Brazilian coffee farm becomes carbon positive

coffee farm carbon positive

The Santo Antonio, Pinhal, Vertentes, and Mirante farms of Brazilian coffee producers Pedro and Mariana Gabarra have received Carbon Positive status, following a year-long third party assessment and audit of the farm’s carbon emissions.

Carbon positive or ‘free carbon’ means the farms remove more CO2 form the atmosphere than they generate.

“The path we’ve been following for some years, which is to pursue an increasingly sustainable production, is working and bringing good results,” Pedro says.

Pinhal was named the most sustainable farm in Brazil for 2019 by Globo Rural, a respected agricultural publication. To reduce emissions across their farms, the Gabarras use S10 Diesel across their entire vehicle fleet, implemented solar panels to generate clean every, and control and treat liquid waste.

The Wings Project furthers this commitment to the environment. According to Pedro and Mariana, the region is the target of animal traffickers, who cruelly capture animals and smuggle them to other countries, resulting in the suffering and death of 90 per cent of animals captured.

The Wings project rehabilitates up to 250 birds every month, as well as mammals and reptiles. Environmental police apprehend these animals, and after being accessed by veterinarians, are sent to the Pinhal farm for recovery.

The total removal of CO2 was mainly achieved through areas planted with eucalyptus responsible for offsetting 84.42 per cent of emissions.

Existing native forests on Pedro’s land were the second largest source of carbon offset, at 10.92 per cent of the total. In Brazil, it is a legal requirement that coffee farmers preserve at least 20 per cent of natural forestation. Across his four farms, Pedro preserves more than 40 per cent.

Pedro’s coffee plantations were responsible for the remaining 4.66 per cent of carbon offset.

“The idea is to start with small changes then move to larger ones. The first step is to change the mindset in the search for sustainable production,” Pedro says. “Do what is within your reach, in individual and collective attitudes. Then seek partnerships for solutions and be attentive and open for changes.”

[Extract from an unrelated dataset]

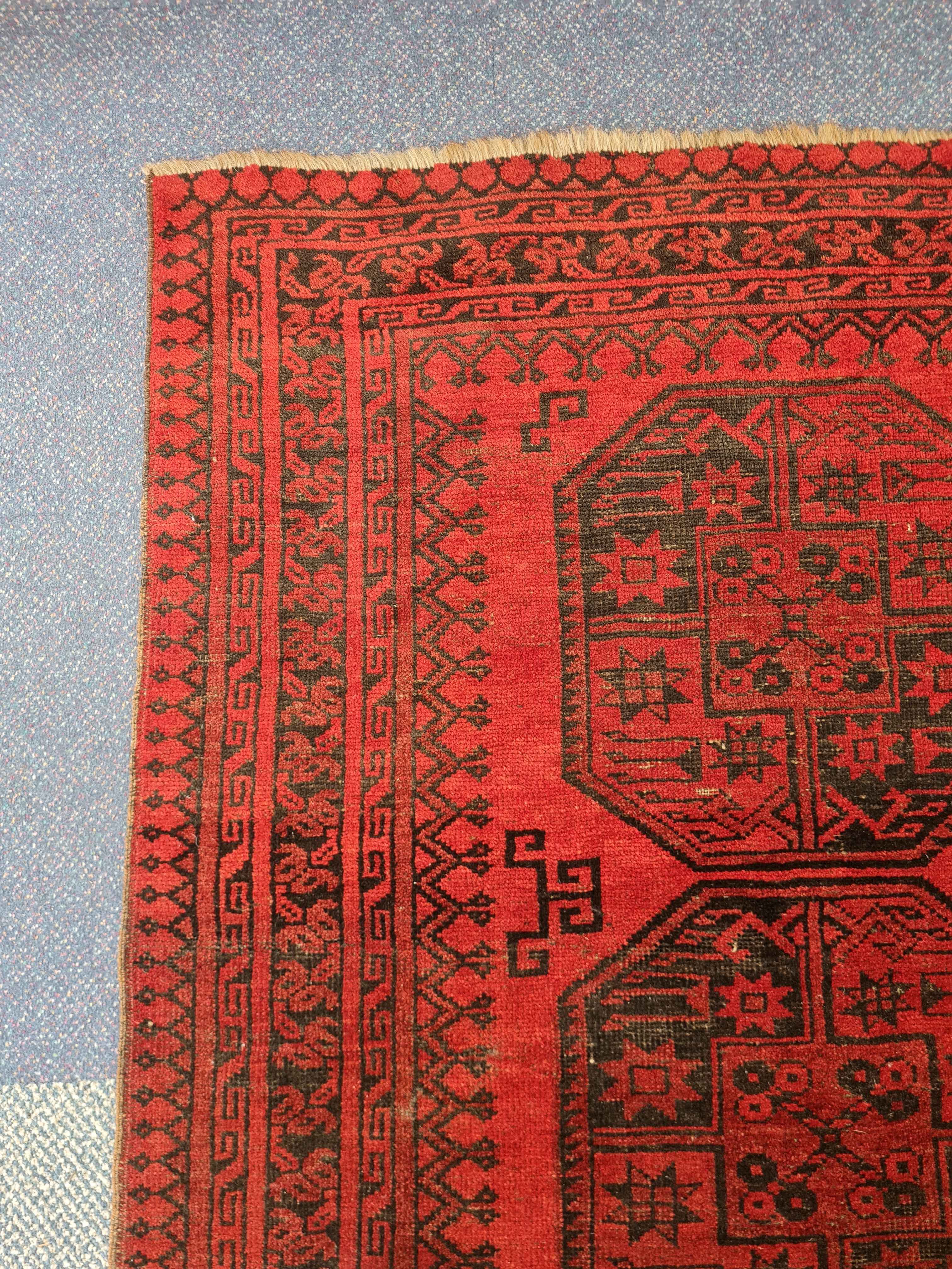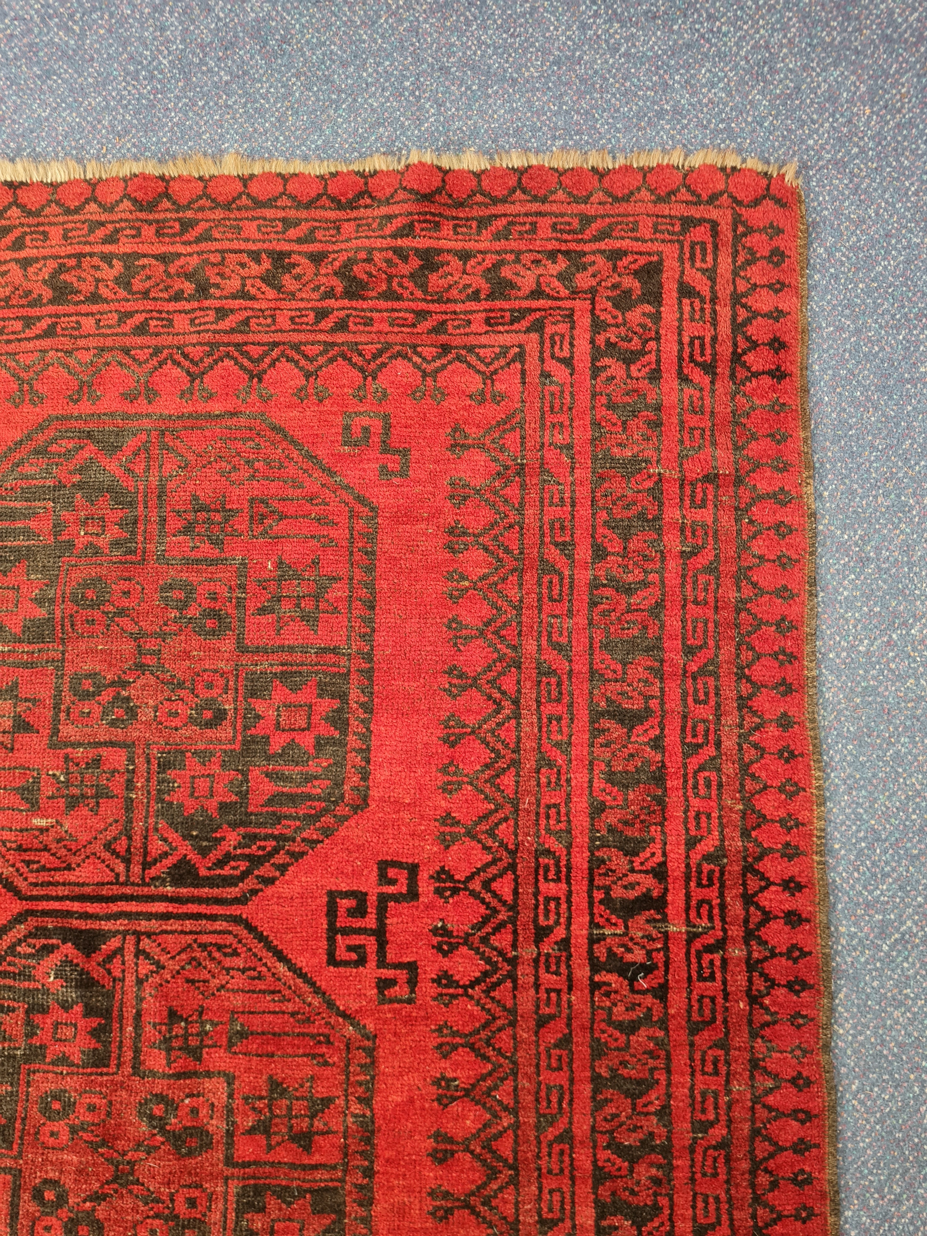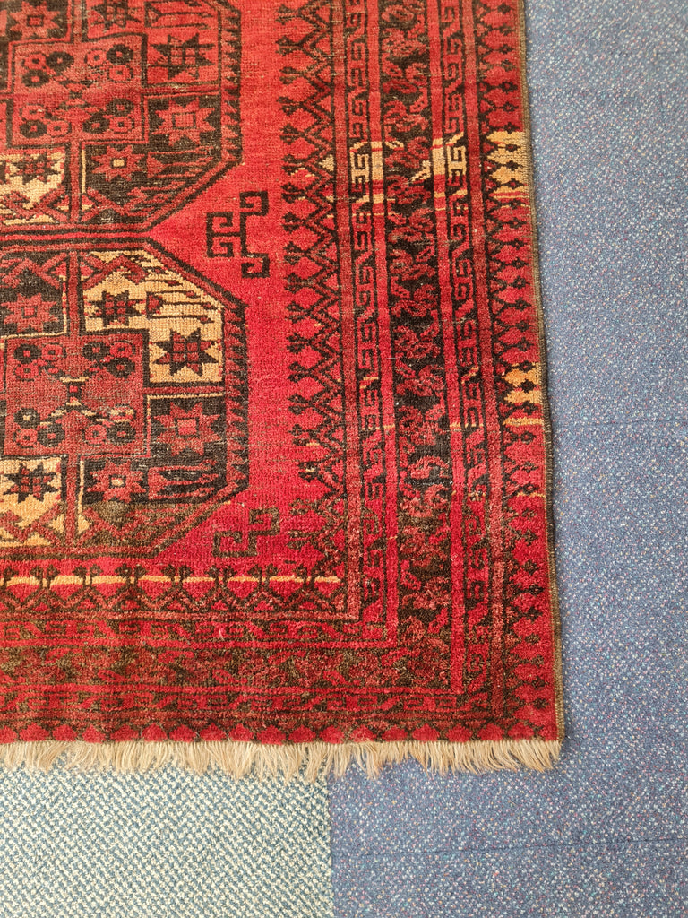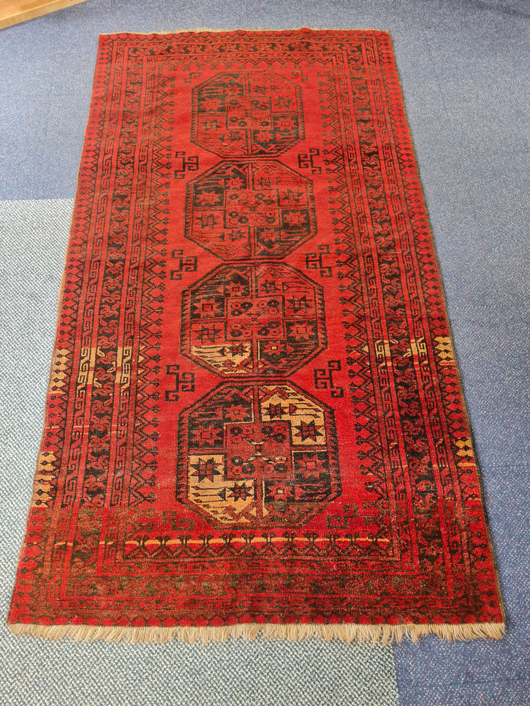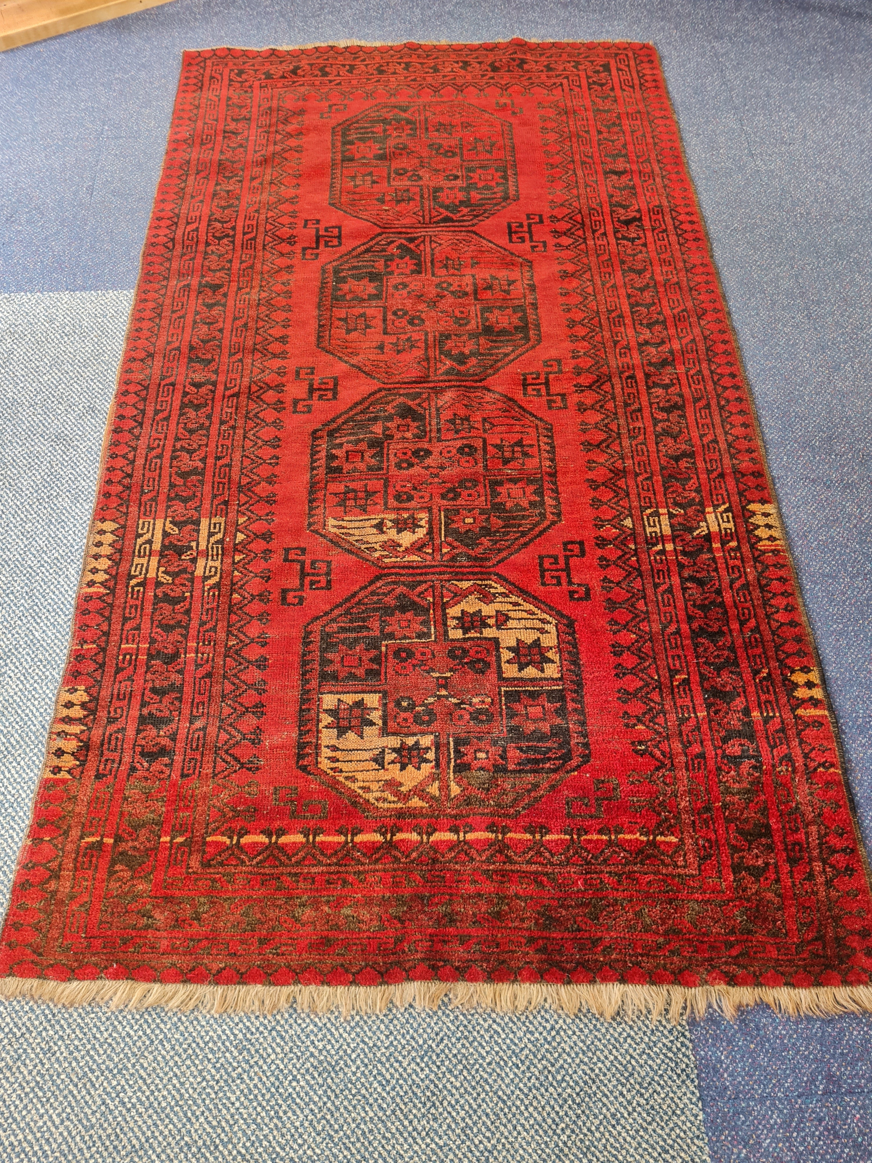 A beautifully hand-knotted Turkmen Bokhara runner, featuring the classic Tekke gul medallions set against a deep red ground, framed by multiple geometric borders. Woven in wool throughout with flat-woven kilim ends intact.
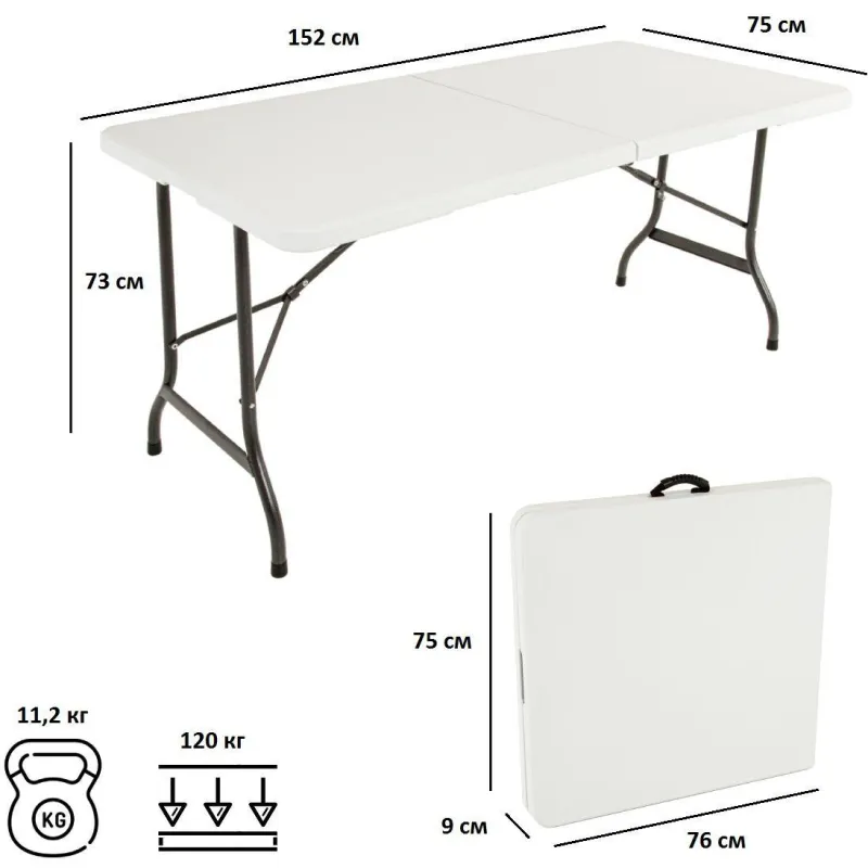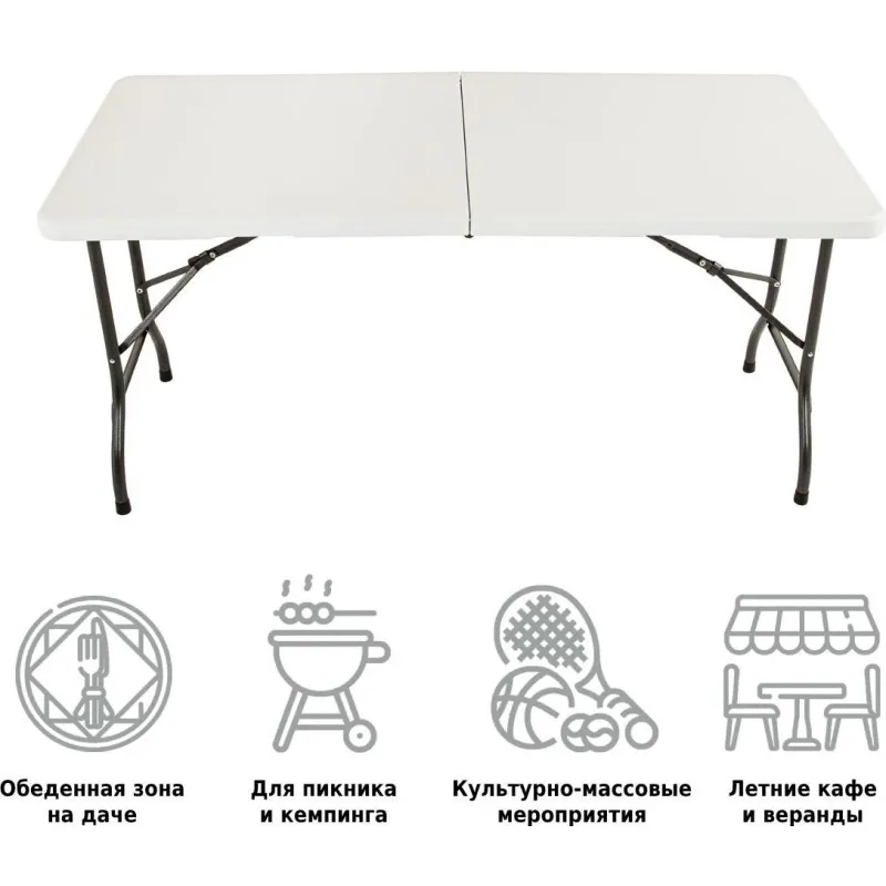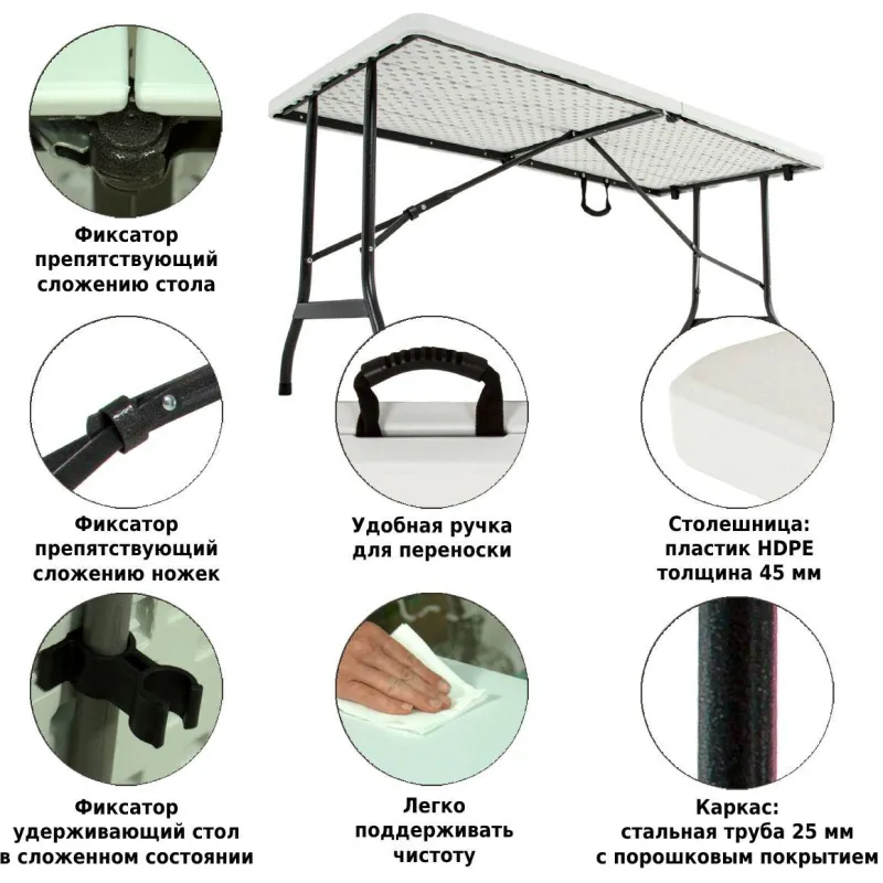 Стол складной подойдет как для дачи и сада, так и для помещения. За ним можно собраться в кругу семьи (до 6 человек), чтобы пообедать или поужинать на свежем воздухе. Изделие выполнено из качественного пластика с каркасом из стали и складывается в одно движение. В собранном состоянии не занимает много места, поэтому его удобно как хранить, так и транспортировать. Среди преимуществ складного пластикового стола можно также отметить возможность фиксации ножек.

Pedro Gabarra’s coffee is available in Australia through Minas Hill Coffee. Mariana Pugliese of Minas Hill Coffee says Pedro’s certification reaffirms why the trader has chosen to partner with the progressive farmer.

“Its important in our industry to make connections that promote transparency, traceability, and sustainability. We’re not only supporting Pedro because his coffee tastes great, but because his values are aligned with ours,” Mariana says. “We’ve seen many Australian roasters work to become carbon neutral and it’s reassuring to see people around the world do the same for their coffee business. Minimising emissions is how we can advance and secure our industry for the future.”

Pedro adds that Australian coffee businesses can support farms and producers at origin to improve their carbon footprints by supporting and recognising those that embrace sustainability and traceability.

“Differentiate those producers who work seriously and not only analyse the price of the product,” he says.

“Coffee roasters and cafés can create awareness to the final consumer, so they know exactly where their coffee comes from and value the work being done behind the scenes.